Estimated to be worth $85b in 2021, the global dips and spreads market is projected to grow at a compound annual rate of 5.43% through 2029 to $132.2b, according to Fortune Business Insights. This is on top of an “unprecedented and staggering” 12.62% growth between 2019 and 2020 when the pandemic hit, the market research firm adds in a recent report.
Much of this growth is in reaction to the pandemic – first as a salve for the tedium of stay-at-home orders immediately after the COVID-19 outbreak when man consumers sought comfort and diversity from food, and then again when the world began to reopen and consumers wanted to entertain, said Kristen Bloodgood, a sales manager with Esti Foods, which sells dozens of better-for-you dips in specialty stores and online.
“During the pandemic, people were cooking so much and we are all kind of sick of that. Now, we want to get out and do things, have girls over for wine, entertain friends. Even if it is just two people coming over, people are going all out – they are putting out a bunch of snacks and dips that they would never eat by themselves. … It is a huge trend,” Bloodgood told FoodNavigator-USA at Natural Products Expo West.
And one that Esti Foods is ready to meet from multiple angles, Bloodgood said.
“We see a lot of potential in alternative dips,” with unexpected flavor combinations or premium ingredients for a twist on beloved classics, she said. For example, the company elevates traditional spinach & artichoke dip with PDO parmesan from Italy and uses Florina peppers from Northern Greece in its Spicy Love Hummus. It also brings together flavors that consumers love, like its Everything Bagel Dip made with Greek yogurt, or uses unexpected ingredients like avocado in its Avocado Tzatizki or fava bean as an alternative to chickpea in its Lemon Fava Bean dip.
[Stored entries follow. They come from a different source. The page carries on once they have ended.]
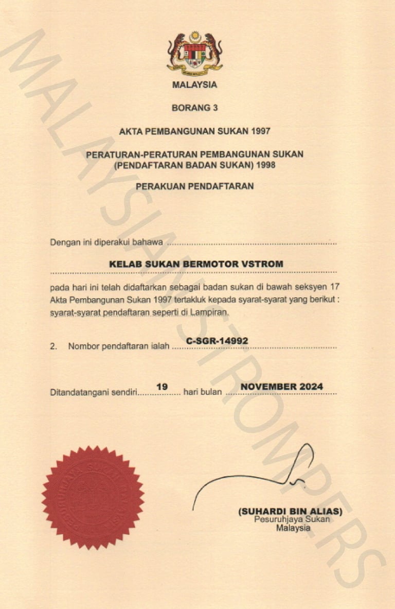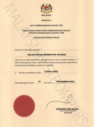 Welcome to Malaysian Strompers, a vibrant community of motorcycle enthusiasts united by our passion for riding. Also recognized as the "Kelab Sukan Bermotor V-Strom," we are proud to be a registered motorsports club under the Malaysian Sports Commissioner, a testament to our commitment to fostering camaraderie and shared experiences among riders. Established officially on November 19, 2024, with registration number C-SGR-14992, we aim to create a supportive environment where members can hone their skills, participate in thrilling adventures, and celebrate our love for motorcycling. Join us as we embark on unforgettable journeys and make lasting memories together on the open road.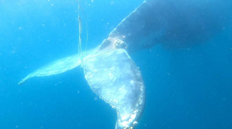 Rescatan a ballena jorobada enmallada en el Pacífico mexicano tras dos días de búsqueda intensa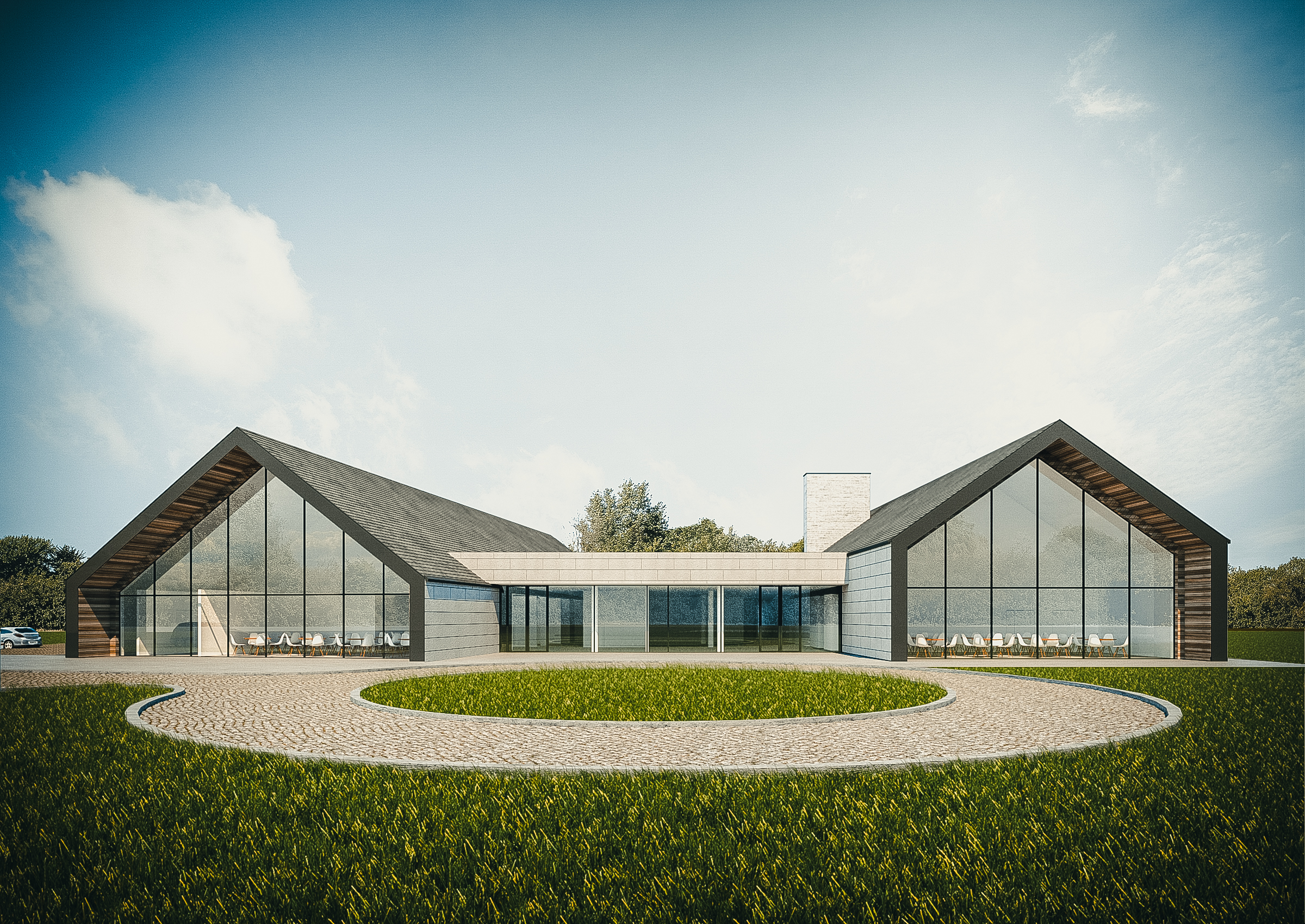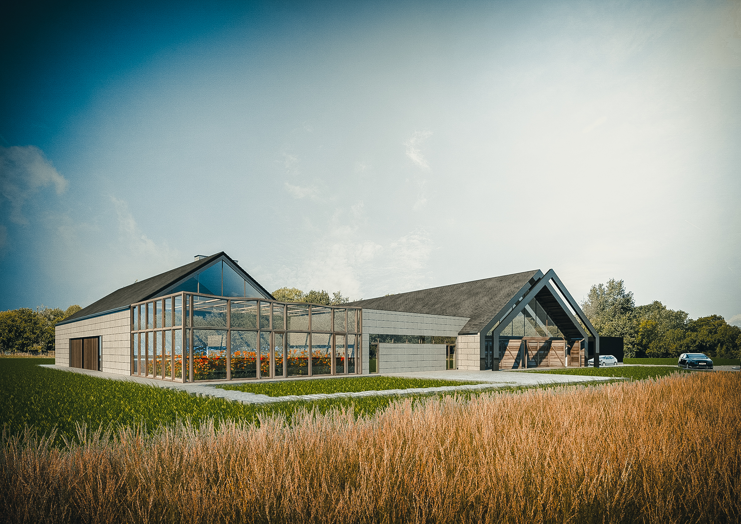 Mieścić go będzie zespół dwóch budynków w formie nowoczesnych stodół zorientowanych względem siebie na planie litery V. Połączy je pawilonowy łącznik.

“We are even going into plant-based alternatives. A lot of our hummus is already plant-based with cheese in only two of the flavors, but we realized we had an opportunity to create a non-dairy tzatziki with all of this extra bean water that we had from making the hummus. We didn’t want to waste anything or throw it out, so we decided to use the aquafaba as the base of our plant-based tzatziki,” which complements the company’s dairy-free yogurt made with coconut cream, Bloodgood said.
Grab-and-go offers new growth potential
“There is really only one major competitor in the grab-and-go dip segment, which is Sabra, and then a bunch of little guys. So no one is flooding the market and we thought we could bring variety,” Bloodgood explained.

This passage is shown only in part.